# Old computer ads etc



## Giaguara (Jan 16, 2004)

This one is reeaaaally terrible.







more on this site.

Find any other cool, terrible, funny old computer ads?


----------



## Giaguara (Jan 16, 2004)

Other fancy stuff:

M$ Windows 1.0.3 screenshots 

apple II screenshots ..


----------



## monktus (Jan 17, 2004)

That's quite geeky. But cool. I liked the portable pre-MIDI music thing.


----------



## powermac (Jan 17, 2004)

It was a nice walk down memory lane. LOL Windows, will they ever get the GUI right?


----------



## Arden (Jan 17, 2004)

powermac said:
			
		

> It was a nice walk down memory lane.
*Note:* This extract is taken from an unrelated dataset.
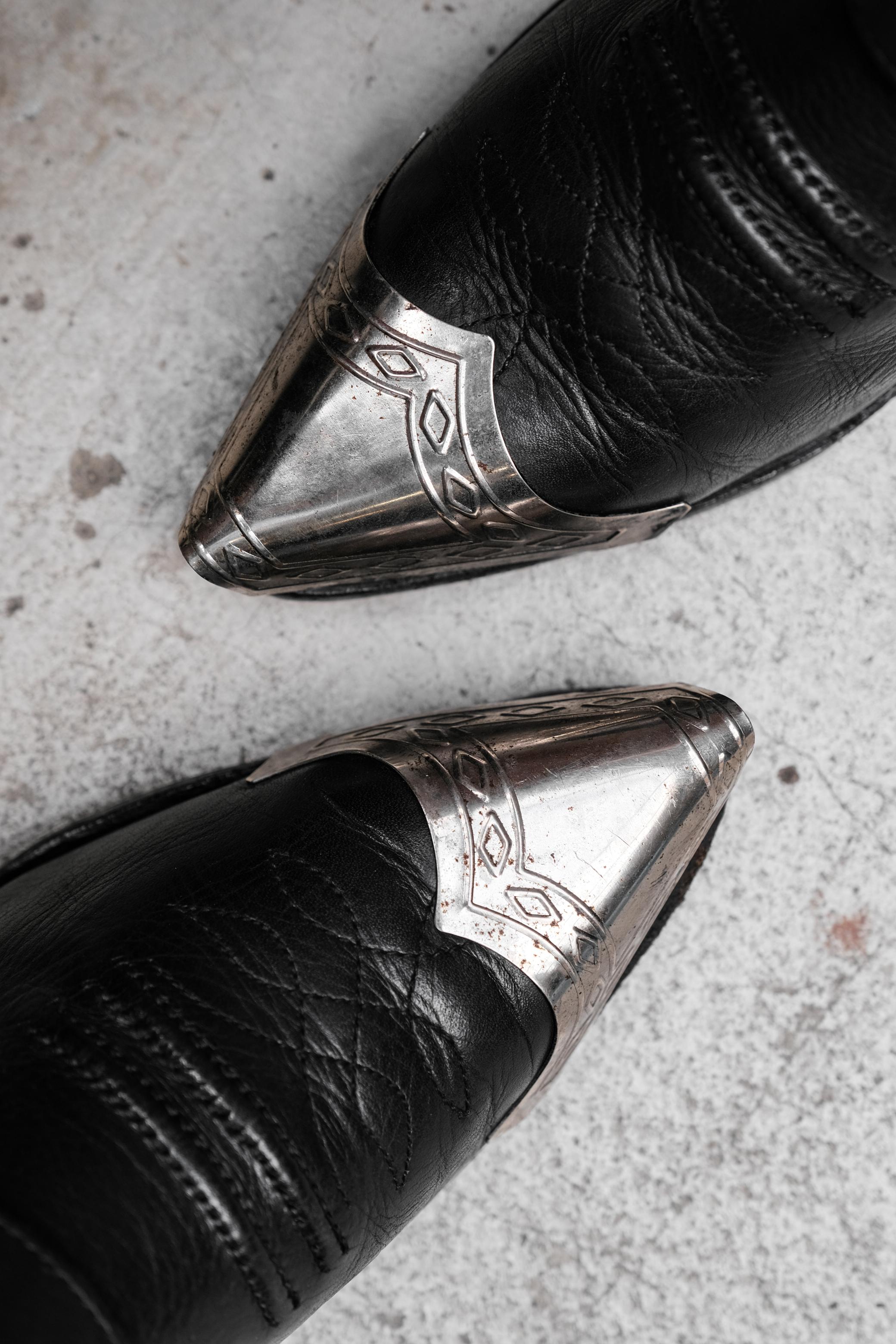 Vintage Leather Strap Silver Toe Shoes 古著金屬包頭尖頭西部皮鞋

LOL Windows, will they ever get the GUI right?


 If they haven't gotten it right in over a decade, what makes you think it'll go beyond anything besides painfully ugly?


----------



## MikeXpop (Jan 17, 2004)

http://toastytech.com/guis/bob2.html

Priceless


----------



## chemistry_geek (Jan 25, 2004)

I remember, way back in 8th grade, when I went to the school library to read Science Digest, that I would occasionally see the Sinclair ZX81 in full-page magazine adds.  You could purchase the kit and build it yourself, or pay more and purchase a fully assembled unit.  Not long after I saw adds for the Sinclair QL with a built-in microdrive.


----------